3 Gedanken zu “Sneak-Review #50: Sausage Party – Es geht um die Wurst

  1. „Entweder der Film bekommt 8 oder 0 Punkte“ war eine Reaktion in der englischen Sneak, wo der Film deutlich besser ankam. Fand ihn teilweise aufgrund großartiger, dummer Wortwitze ganz lustig.
    Aber alles Geschmacksache.
    Nur eine kleine Anmerkung: DAS WAR KEIN PIXAR LOGO IM INTRO. Es war kein Pixar Film, das ist einfach falsch.

    1. Ups. Da habe ich wohl im Vorspann ein bisschen geträumt.
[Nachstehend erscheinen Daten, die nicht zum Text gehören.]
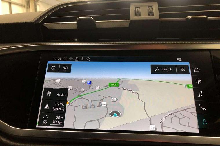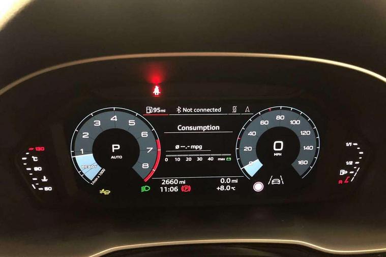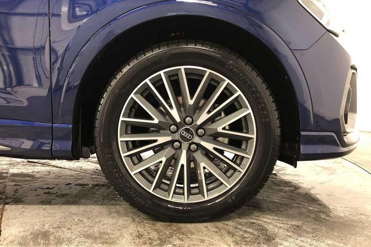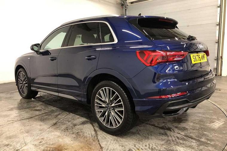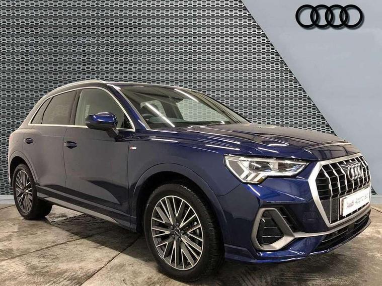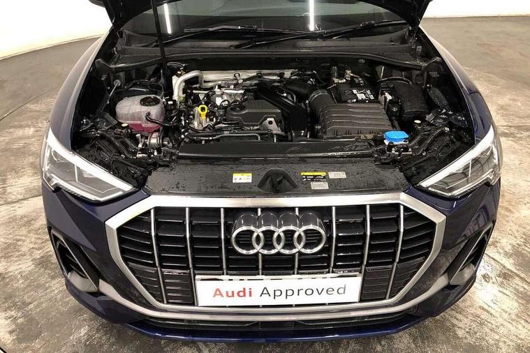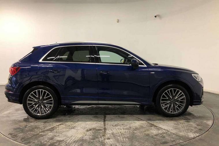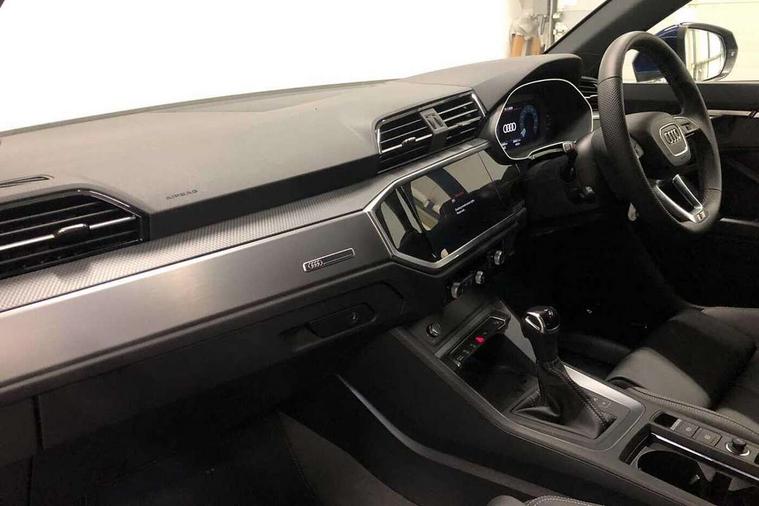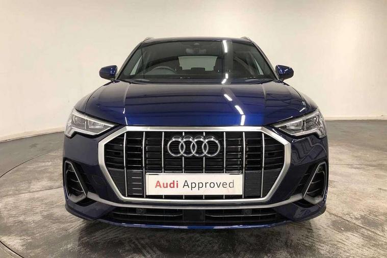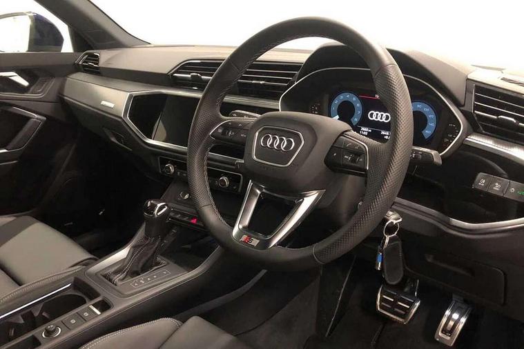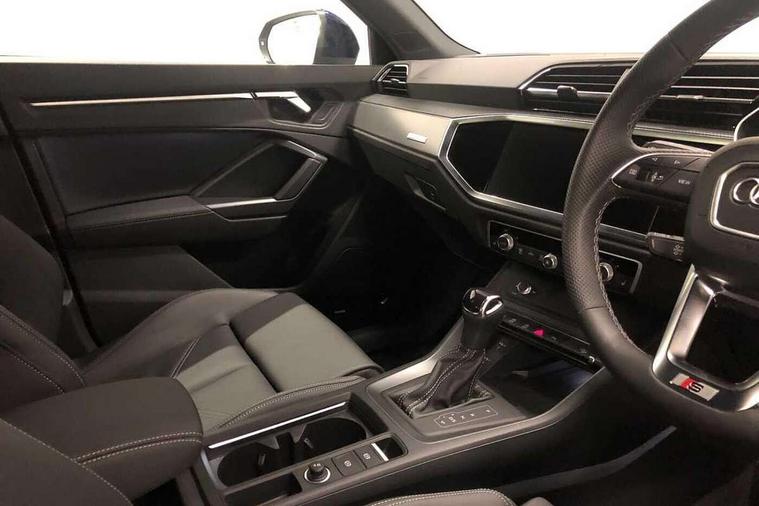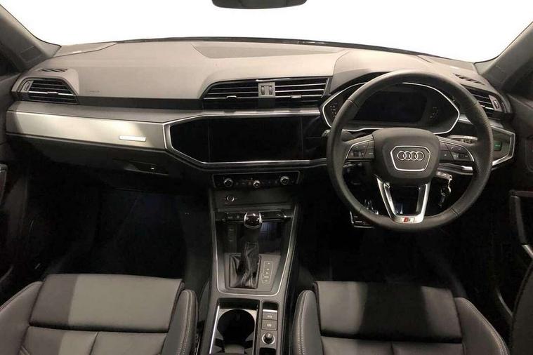 Amazon alexa Integration, Audi connect safety and service, Audi drive select, Audi lane departure warning, Audi Virtual Cockpit - 10.25" display, Bluetooth interface, Camera based traffic sign recognition, Distraction and Fatigue warning, Legal emergency call, MMI Navigation Plus with high resolution 10.1 inch touchscreen colour display, Power operated tailgate, Progressive steering, Service interval indicator, Smartphone interface includes wireless Apple carplay/Android Auto, Start stop system with recuperation, Voice control system with natural language interaction, Sports suspension, 2 USB-C ports with charge and data functions, 6 passive loudspeakers, DAB digital radio module, Acoustic windscreen, Aluminium roof rails, Aluminium window trim, Anthracite black radiator grille, Auto dimming door mirrors, Auto dimming frameless rear view mirror, Body colour front spoiler blade, Electrically folding, adjustable and heated door mirrors with integrated LED side indicators and kerb view function for passenger side, Front and rear electric windows, Front fog lights, Front side air inlets in matt platinum grey, Grille vertical bars in aluminium silver/Matt, High gloss black finish B and C pillars, LED Dynamic rear indicators, LED headlights with LED daytime running lights, LED rear lights, LED third brake light, Privacy glass dark tinted rear and rear-side windows (from B-pillar backwards), Rain and light sensors, Rear diffuser grille in grained matt black, Rear diffuser strip in matt anthracite black, Rear side wing doors, Rear wiper, S line badges on front wings, S Line front and rear bumpers and side skirts, Side skirt insert in matt Platinium grey, Variable front intermittent wipers, 12V socket in rear centre console, 3 seat bench in 2nd row, 3 spoke leather multifunction steering wheel features S badging and grips in perforated leather with contrast stitching, 40:20:40 folding with manual adjustment for 60:40 forwards/backwards position and backrest angle, Adjustable rear seat bench/backrest with centre armrest and cupholder, Black carpet mats, Black cloth headlining, Dual zone electronic climate control, Electric lumbar support, Front and rear black floor mats with contrast stitching in rock grey, Front and rear headrests, Front centre armrest, Height and reach adjustable steering wheel, Horizontal trim strip in matt platinum grey, Illuminated door sill trims with S logo, ISOFIX child seat mounting for front passenger with airbag deactivation and outer rear seat including top tether attachment point for outer rear seats, Luggage compartment sill protection in stainless steel, Manual front seats with height adjustment, Perforated leather gearknob, Single front passenger seat, Stainless steel pedals, Twin leather upholstery with front sport seats + S embossing, Non smoking pack - Q3, 3x3 point rear seatbelts, 6 airbags - Driver, front passenger, curtain and side windows, Audi pre-sense front with pedestrain and cyclist recognition, Electrically operated child locks on rear doors, Electromechanical parking brake, Electronic stabilisation control including ABS, ASR and EDL, Front seatbelt reminder, Hill descent control, Hill hold assist, Pre sense basic, Seatbelt monitoring, Tyre pressure warning, Warning triangle and first aid kit, Anti theft wheel bolts, Immobiliser, Remote central locking, Thatcham approved category 1 anti theft alarm, Aluminium look interior elements, Dark matt brushed aluminium inlay, Detail dashboard around MMI touch colour display in glass look, black with surround in aluminium look, Leatherette door armrest,

Entschuldige bitte.
      Ich habe mich inzwischen auch belehren lassen, dass die Wortwitze im Englischen tatsächlich ganz gut sind. Da könnte man jetzt gut einen Vergleich ziehen, im Deutschen waren sie aber wirklich einfach schlecht. Und das mit der Geschmackssache… naja da scheiden sich die Geister wenn Rassismus, Sexismus etc. im Spiel ist.

  2. Ich sah den Film in Originalsprache und stimme dem Beitrag vollkommen zu. Ich mags mal versaut und pietätlos – doch hier ging man zu weit! Das ganze changierte zwischen witzigen Momenten und sich zunehmend häufenden irritierenden Elementen. Ein äußerst verstörender und geschmackloser Film.